Читаем Вольф Мессинг. Взгляд сквозь время полностью

– Причем здесь Гнилощукин? – удивился Ермаков. – За Гнилощукина перед вами извинились, так что это дело давно забыто. Границу-то он вас не подбивал переходить.

– Я не о том, – уточнил Мессинг. – Я о подписи на протоколе допроса. Я лучше себе руку узлом завяжу, но подпись не поставлю.

– И не надо, – согласился Ермаков. – Впрочем, вы посидите, подумайте, может, не стоит так упрямиться? Мы после первого же очника получим право отправить вас в суд. Поразмышляйте на досуге, что вам при таком наборе ждать от советского суда, самого справедливого суда в мире.

Вольф не удержался от выкрика:

– Ни за что! Больше никогда не возьмусь за предсказания, иначе будущее может вильнуть в любую сторону.
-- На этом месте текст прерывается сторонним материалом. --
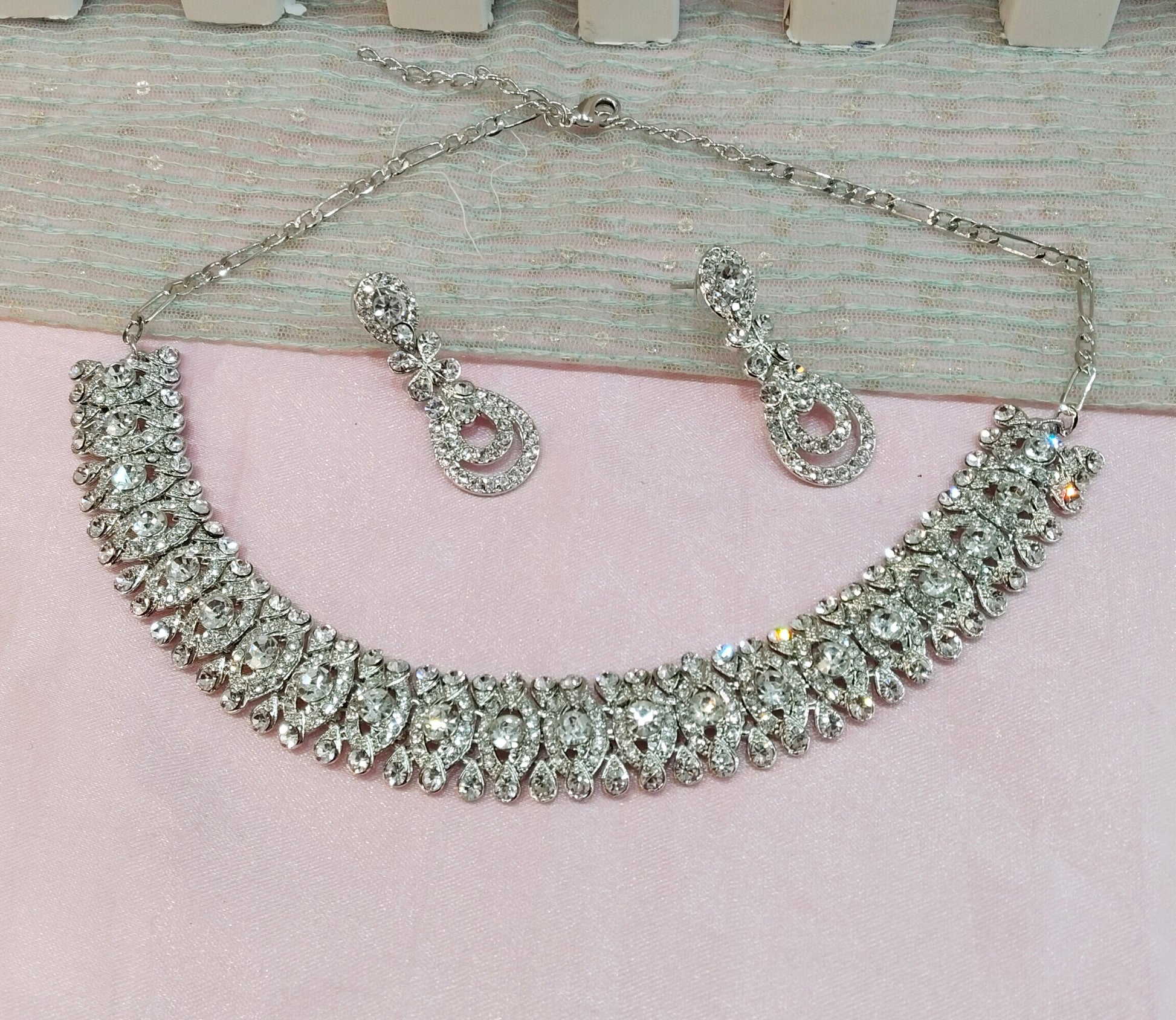 Silver White Necklace Set Ponting Jewellery

Вам мало не покажется!

Ермаков прищурился и ловким щелчком выбил папиросу из пачки.

– Вы хотите сказать, что в силах управлять будущим? Решили под сумасшедшего косить? Это не поможет. Мы здесь и не такое видали.

Он предложил:

– Закуривайте.

Мессинг закурил, вдохнул дымок. Заодно прихватил и часть ермаковского дыма.

Картина в самом деле складывалась безрадостная. Они все просчитали. Бить не будут – вдруг комиссия из Москвы. Вот, пожалуйста, дело, а вот, пожалуйста, подследственный. Никакой спецобработки, все чисто.

Ермаков сузил глаза и поинтересовался:

– Значит, отказываетесь подписывать?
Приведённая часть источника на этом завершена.